Do not include the pictures; repeat the rest of the data exactly.

Segment Start: RECORDED DATA

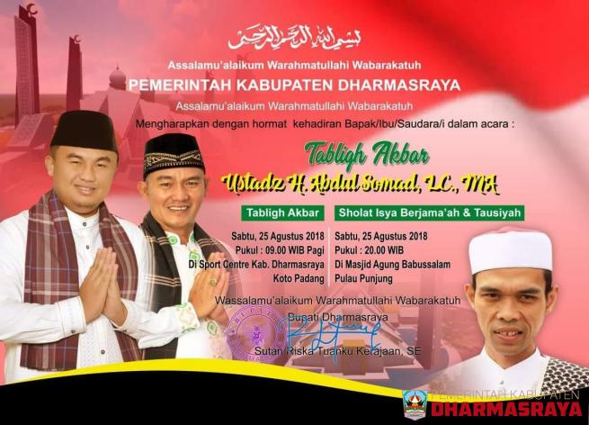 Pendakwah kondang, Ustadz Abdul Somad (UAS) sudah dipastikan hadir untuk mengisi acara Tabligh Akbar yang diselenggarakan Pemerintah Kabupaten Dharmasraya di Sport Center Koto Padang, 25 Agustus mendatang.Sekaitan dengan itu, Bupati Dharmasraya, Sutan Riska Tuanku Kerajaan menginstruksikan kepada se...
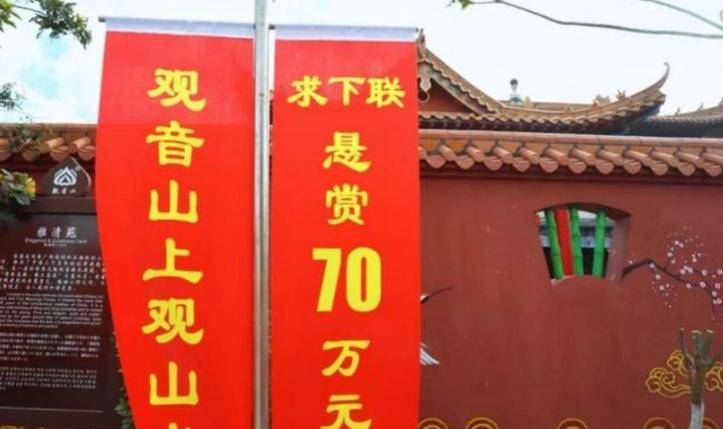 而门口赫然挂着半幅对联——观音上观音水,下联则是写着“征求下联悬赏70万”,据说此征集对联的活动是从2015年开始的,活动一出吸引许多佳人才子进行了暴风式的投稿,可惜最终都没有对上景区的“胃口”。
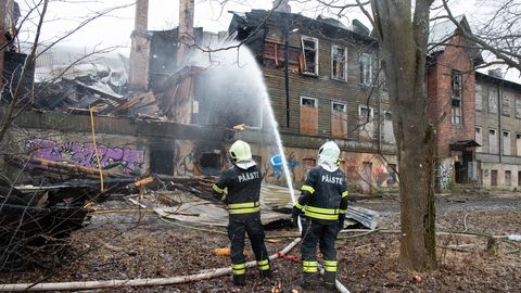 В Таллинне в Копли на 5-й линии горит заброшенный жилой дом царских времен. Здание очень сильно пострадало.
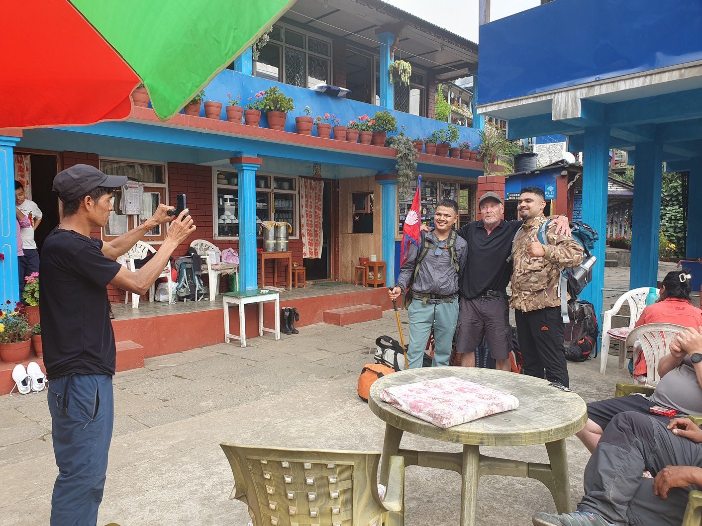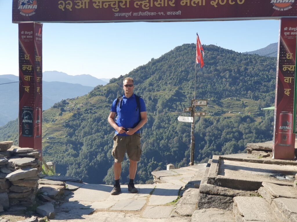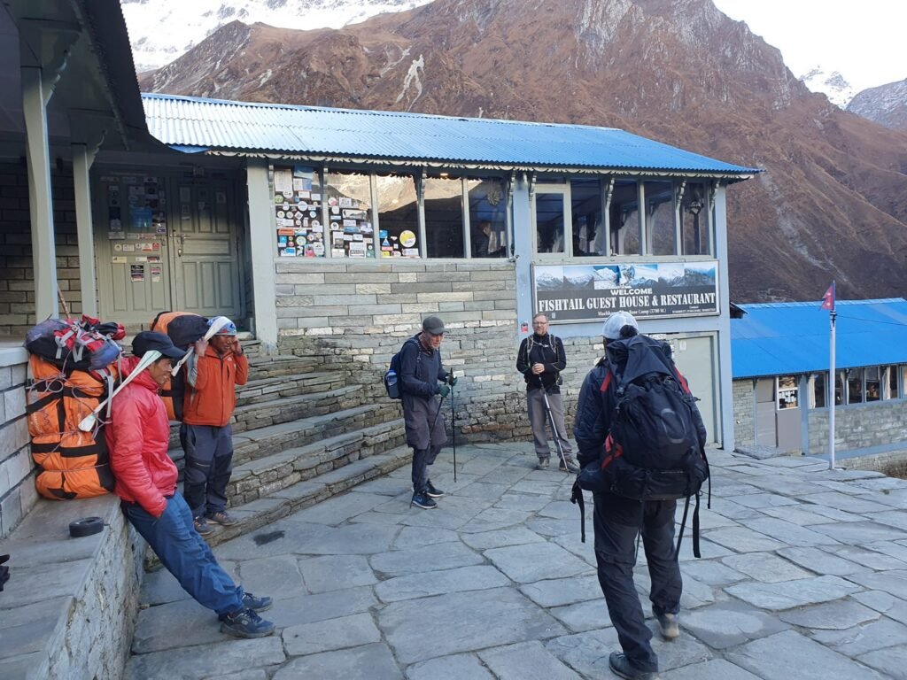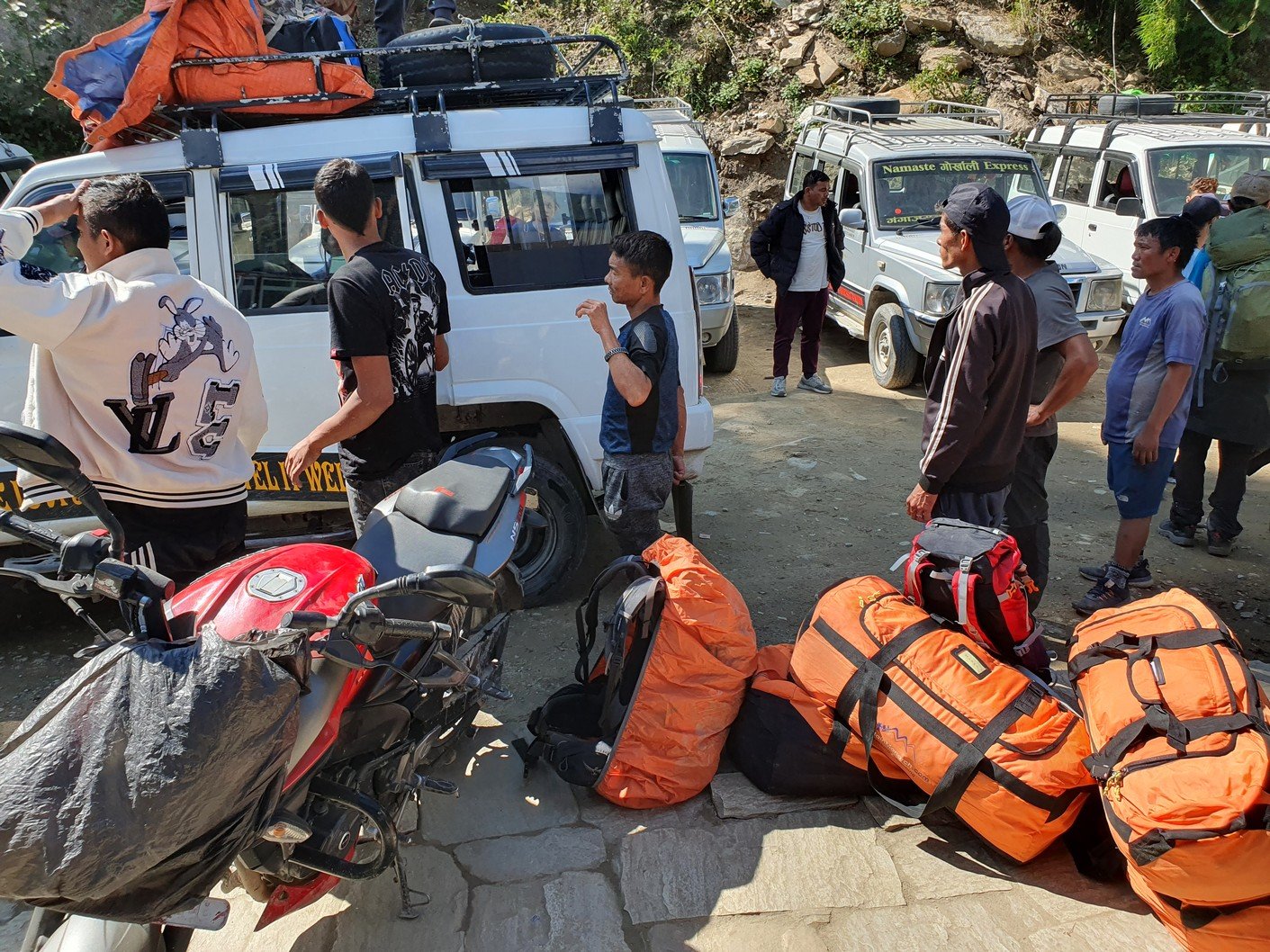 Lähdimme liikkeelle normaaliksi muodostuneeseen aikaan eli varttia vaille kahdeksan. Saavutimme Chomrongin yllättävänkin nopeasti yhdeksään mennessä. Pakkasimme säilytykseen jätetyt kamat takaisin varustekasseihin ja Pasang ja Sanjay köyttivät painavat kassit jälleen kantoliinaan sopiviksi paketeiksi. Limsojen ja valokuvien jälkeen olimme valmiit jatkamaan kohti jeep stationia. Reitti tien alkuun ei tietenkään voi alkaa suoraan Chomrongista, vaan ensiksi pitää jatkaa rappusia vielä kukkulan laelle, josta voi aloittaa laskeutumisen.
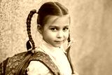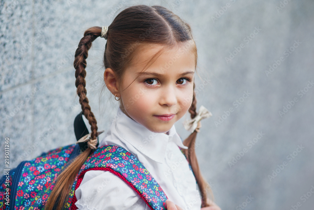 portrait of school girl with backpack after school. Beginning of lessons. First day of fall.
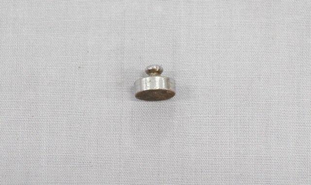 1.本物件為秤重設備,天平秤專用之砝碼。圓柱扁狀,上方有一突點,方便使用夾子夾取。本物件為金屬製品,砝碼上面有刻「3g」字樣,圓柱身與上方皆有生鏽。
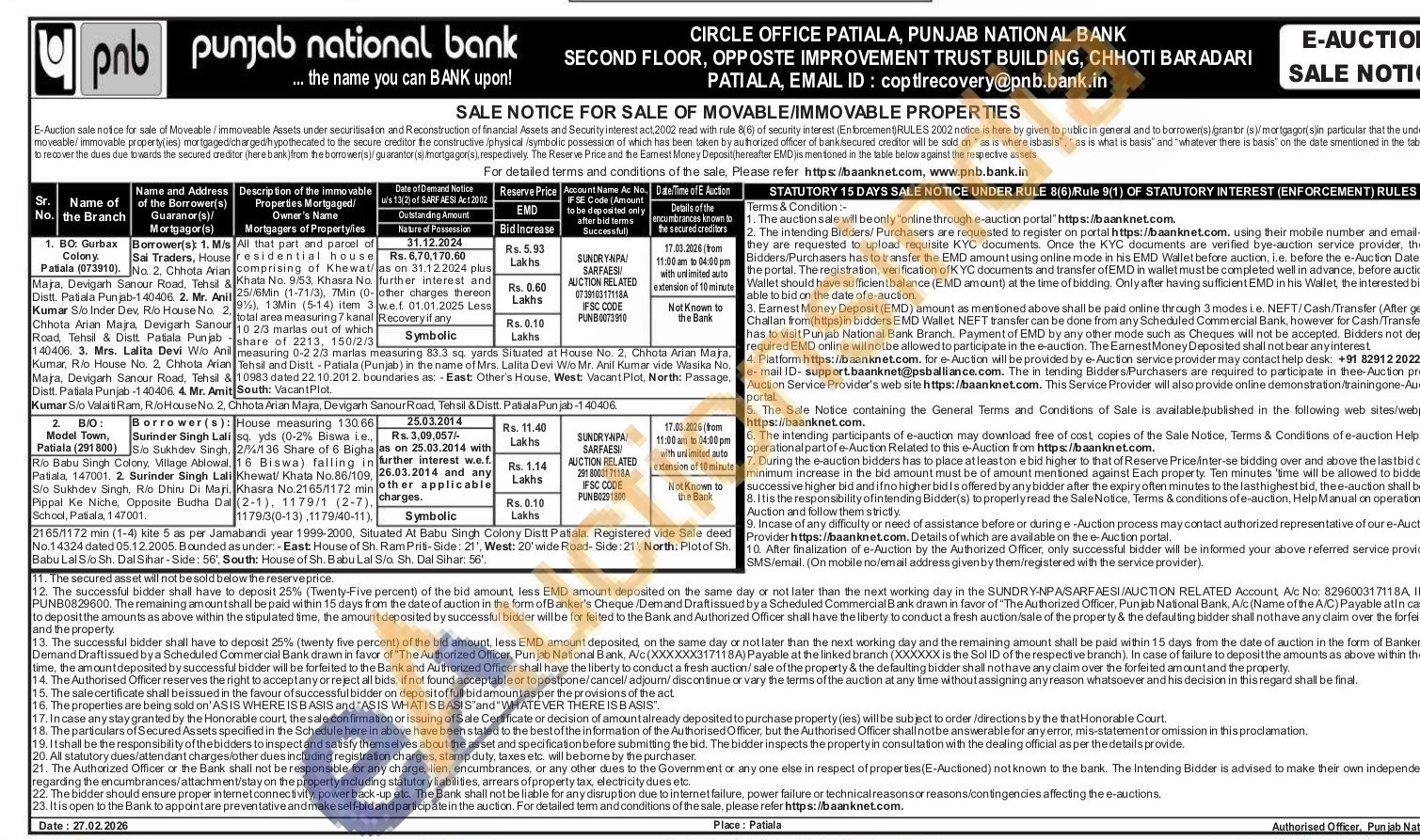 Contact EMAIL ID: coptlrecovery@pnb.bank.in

Segment End: RECORDED DATA

▶ _TASK RESULT_:
 Pendakwah kondang, Ustadz Abdul Somad (UAS) sudah dipastikan hadir untuk mengisi acara Tabligh Akbar yang diselenggarakan Pemerintah Kabupaten Dharmasraya di Sport Center Koto Padang, 25 Agustus mendatang.Sekaitan dengan itu, Bupati Dharmasraya, Sutan Riska Tuanku Kerajaan menginstruksikan kepada se...
 而门口赫然挂着半幅对联——观音上观音水,下联则是写着“征求下联悬赏70万”,据说此征集对联的活动是从2015年开始的,活动一出吸引许多佳人才子进行了暴风式的投稿,可惜最终都没有对上景区的“胃口”。
 В Таллинне в Копли на 5-й линии горит заброшенный жилой дом царских времен. Здание очень сильно пострадало.
 Lähdimme liikkeelle normaaliksi muodostuneeseen aikaan eli varttia vaille kahdeksan. Saavutimme Chomrongin yllättävänkin nopeasti yhdeksään mennessä. Pakkasimme säilytykseen jätetyt kamat takaisin varustekasseihin ja Pasang ja Sanjay köyttivät painavat kassit jälleen kantoliinaan sopiviksi paketeiksi. Limsojen ja valokuvien jälkeen olimme valmiit jatkamaan kohti jeep stationia. Reitti tien alkuun ei tietenkään voi alkaa suoraan Chomrongista, vaan ensiksi pitää jatkaa rappusia vielä kukkulan laelle, josta voi aloittaa laskeutumisen.
 portrait of school girl with backpack after school. Beginning of lessons. First day of fall.
 1.本物件為秤重設備,天平秤專用之砝碼。圓柱扁狀,上方有一突點,方便使用夾子夾取。本物件為金屬製品,砝碼上面有刻「3g」字樣,圓柱身與上方皆有生鏽。
 Contact EMAIL ID: coptlrecovery@pnb.bank.in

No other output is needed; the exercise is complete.